Stored items:
++++++++

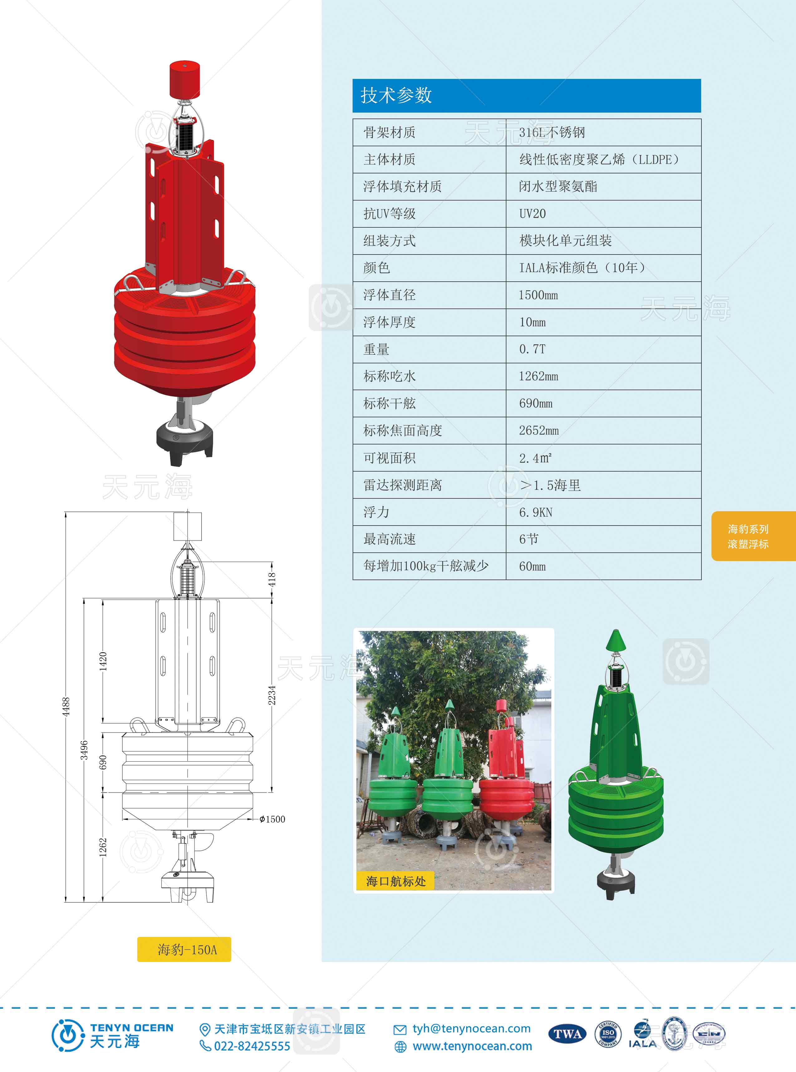 · 海豹150A型滚塑浮标主要由316L不锈钢骨架与滚塑主体模块组成,可用作内河、港口浅水区域导助航浮标或观赏浮标,也可用作应急浮标。
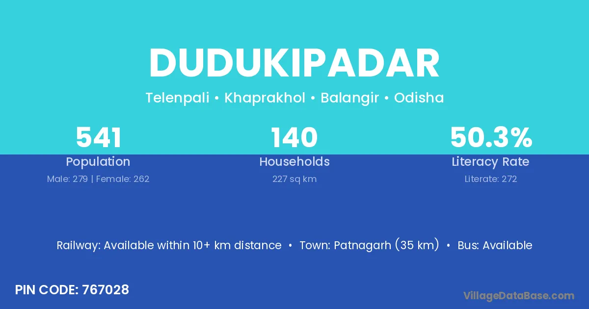 Patnagarh (35 km) is the nearest town to Dudukipadar village for major economic activities and is located approximately 35 km away.
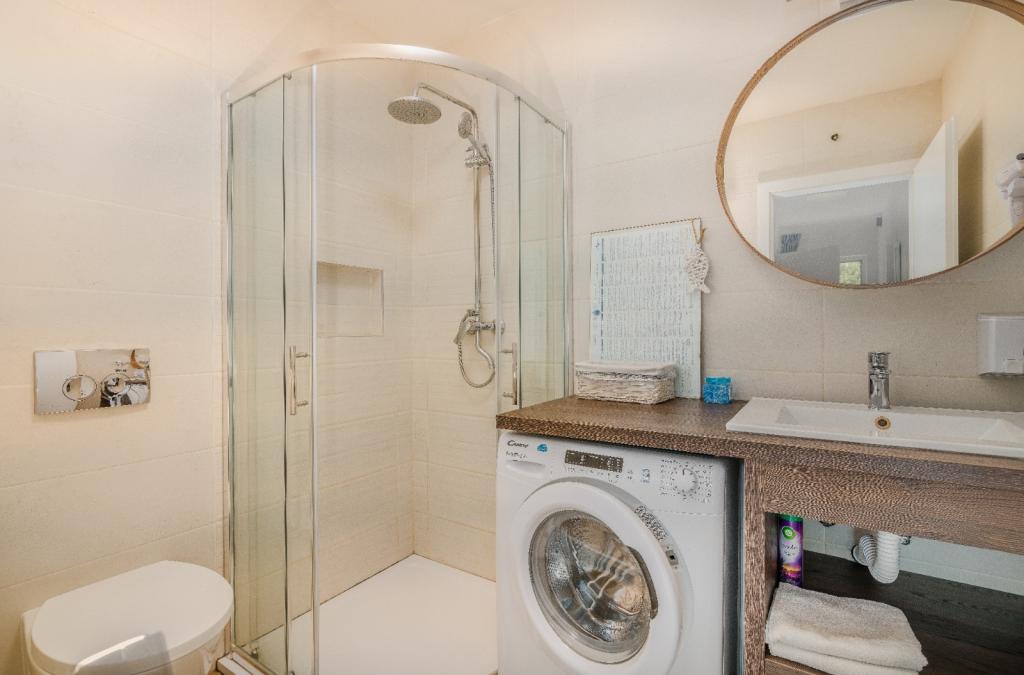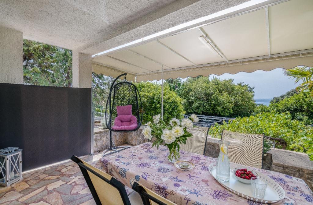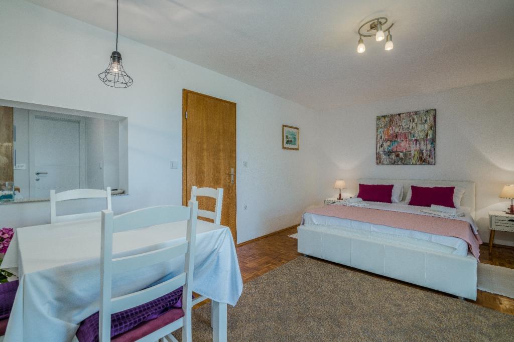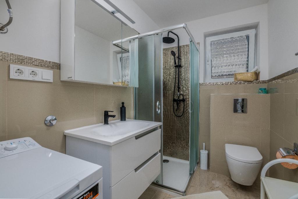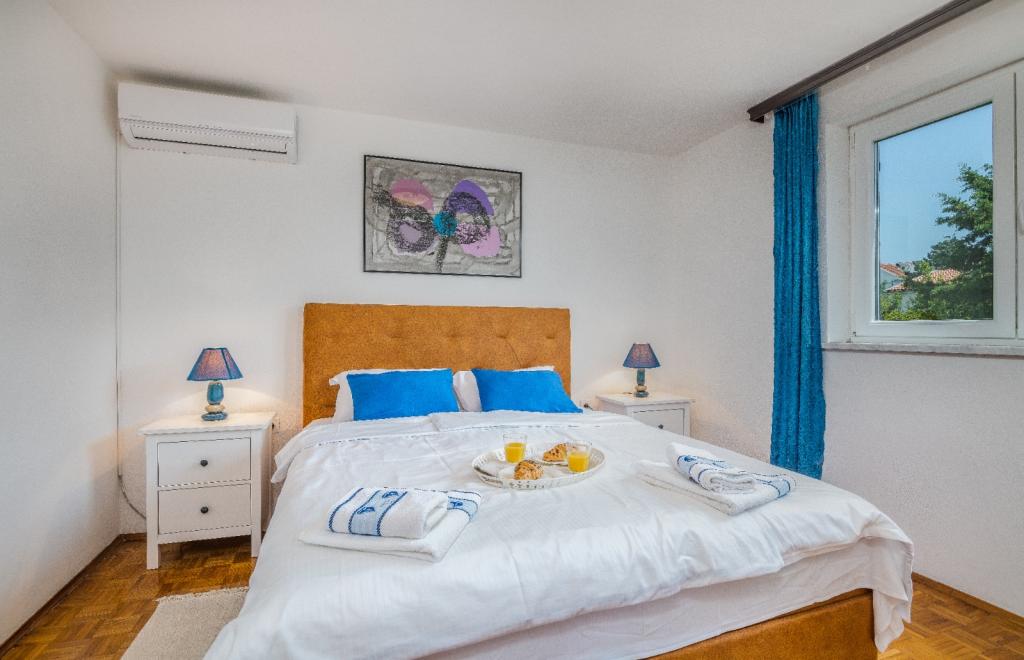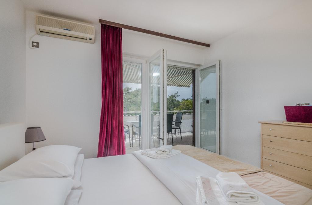 Apartments Nada sunt situate într-o locație atractivă în orașul Krk, la doar 100 de metri de mare și la 10 minute de mers pe jos de centrul orașului. Apartamentele au vedere la mare, sunt inconjurate de verdeata si o curte spatioasa. Inchiriem 3 unitati. Apartamentul 1, categorizat cu 4 stele, suprafata de 55 m2, este format din doua dormitoare separate, fiecare cu balcon si o baie cu toaleta si dus, paturi 160x200, bucatarie separata cu living. Apartamentele 2 și 3 sunt de categoria 3 stele, cu o suprafață de 46 m2, au un dormitor separat cu un pat de 160x200 și un living mai mare cu un pat de 160x200. Toate apartamentele sunt decorate modern și au mașină de spălat, mașină de spălat vase, TV LED, cuptor, cuptor cu microunde, prăjitor de pâine, aparat Nespresso... Toate camerele din apartament sunt dotate cu aer condiționat. În apropierea apartamentului se află plajele populare Dražica și Punta Di Galetto. Siturile istorice sunt la 500 de metri de apartament, de ex. Cetatea Krk. Cel mai apropiat aeroport este Aeroportul Rijeka, situat la 25 km de proprietate.
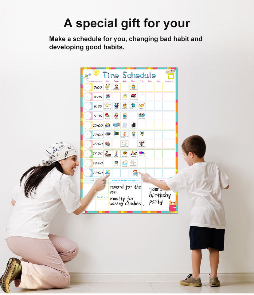 Tableau blanc magnétique de grande taille Planificateur hebdomadaire personnalisé Feuilles effaçables à sec Tableau blanc Autocollant magnétique pour réfrigérateur
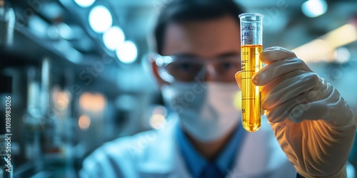biotechnology research in action, close-up of a lab technician holding a test tube containing a precision sample, focused on advanced scientific study and laboratory innovation

++++++++

## INSTRUCTIONS FOR THE TASK
Precisely those lines above that run from the line with "Patnagarh (35 km)" up to and including the line with "Apartments Nada sunt" are to be set down, with the pictures omitted.

## WRITTEN SOLUTION
 Patnagarh (35 km) is the nearest town to Dudukipadar village for major economic activities and is located approximately 35 km away.
 Apartments Nada sunt situate într-o locație atractivă în orașul Krk, la doar 100 de metri de mare și la 10 minute de mers pe jos de centrul orașului. Apartamentele au vedere la mare, sunt inconjurate de verdeata si o curte spatioasa. Inchiriem 3 unitati. Apartamentul 1, categorizat cu 4 stele, suprafata de 55 m2, este format din doua dormitoare separate, fiecare cu balcon si o baie cu toaleta si dus, paturi 160x200, bucatarie separata cu living. Apartamentele 2 și 3 sunt de categoria 3 stele, cu o suprafață de 46 m2, au un dormitor separat cu un pat de 160x200 și un living mai mare cu un pat de 160x200. Toate apartamentele sunt decorate modern și au mașină de spălat, mașină de spălat vase, TV LED, cuptor, cuptor cu microunde, prăjitor de pâine, aparat Nespresso... Toate camerele din apartament sunt dotate cu aer condiționat. În apropierea apartamentului se află plajele populare Dražica și Punta Di Galetto. Siturile istorice sunt la 500 de metri de apartament, de ex. Cetatea Krk. Cel mai apropiat aeroport este Aeroportul Rijeka, situat la 25 km de proprietate.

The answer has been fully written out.